Tapping into the low-alcohol wine trend
The company joined with Buffy The Vampire Slayer star Sarah Michelle Gellar earlier this month to launch a new low-alcohol wine range in the US, called Yellow Tail PURE BRIGHT.
Pure Bright wines contain 85 calories or less, and are the first lower calorie, lower alcohol wine from a major wine brand to weigh in at less than US$7 a bottle. The range is vegan, gluten free, and available in Sauvignon Blanc, Pinot Grigio and Chardonnay.
The new range follows Nielsen reporting the “Better For You” wine category increased almost 100% in 2020 versus the previous year.
According to Forbes, the increase in drinking at home over the last year due to COVID-19 has fuelled the trend, alongside a shift towards moderation.
Senior Winemaker David Joeky told Forbes that Yellow Tail put several years into research and trial and error winemaking to create a process that would accentuate flavour in the wine range, while reducing calories and alcohol.
“Wine drinkers often have the perception that wines which are lower in alcohol and calories are watery, sweet, or lack in flavour,” he said. “At Yellow Tail our goal was to create a range of lighter wines which did not compromise on taste or quality and stayed true to the flavor of the variety. We are extremely proud of the range we have released to the market and are confident that our consumers will not be disappointed.
“Everything begins with the grapes, which we specially cultivate and pick at exactly the right time to maximize brightness and acidity. Australia’s warm climate is perfect for Yellow Tail Pure Bright grapes.
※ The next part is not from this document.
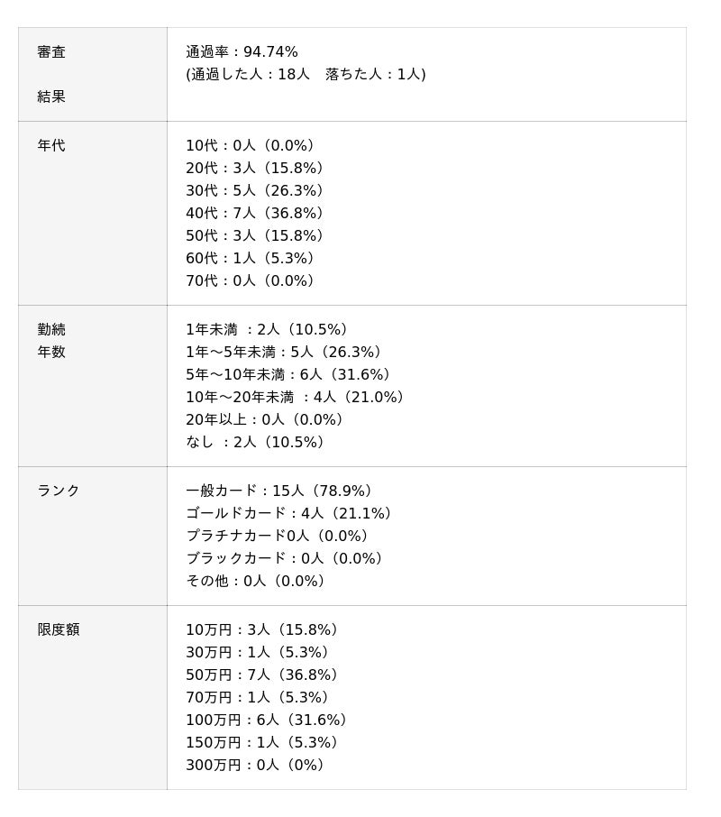 ACマスターカードの審査通過率は100%でした。審査に通過した方は勤続年数が1年以上で一般カードを選択している傾向がありました。
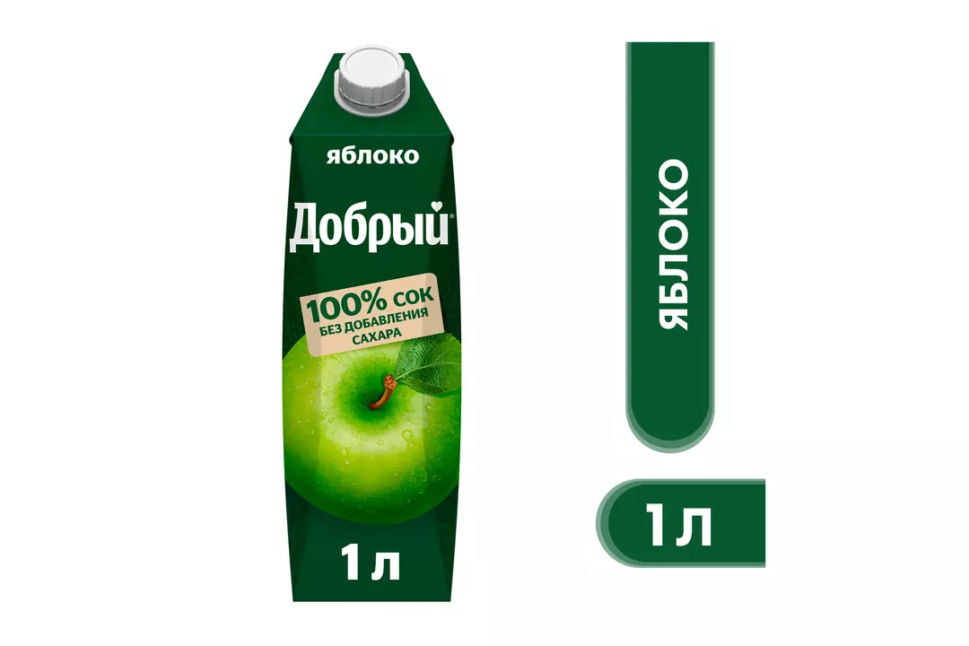 Добрый Яблоко 100% сок без добавления сахара, консервантов и красителей в удобной упаковке для семейного обеда или ужина. Страна-производитель Россия

We then carefully prune the vines to maximize leaf protection from the hot summer sun. This protects the grapes and slows development, while promoting fruit flavor and intensity. We harvest early, while grapes have a lower natural sugar content which naturally lowers the amount of alcohol in the finished wine. We do it at night, helping keep grapes cool and crisp, which maximizes aroma and flavour.
“We run the grapes through a cooler fermentation process using special yeast to maximize flavour at lower alcohol levels. Our expert wine making team blends the wines to deliver overall balance and great taste. A key aspect of this is gentle reverse osmosis, which is a specific type of filtration. It is a way to protect and concentrate all the flavours and aromas in the wine. While I can’t get into how exactly we do it, we do utilize specific filtration and other similar techniques incorporated with blending to deliver a wine that we believe that has no compromise on quality or flavour, and the added benefit of reduced calories.”
“Until now, lower calorie wines have been seen as light on flavour,” Casella concluded. “That was a trade-off we weren’t willing to make. We took the opposite approach, ensuring great taste and then working our way backward to deliver on making it lighter.”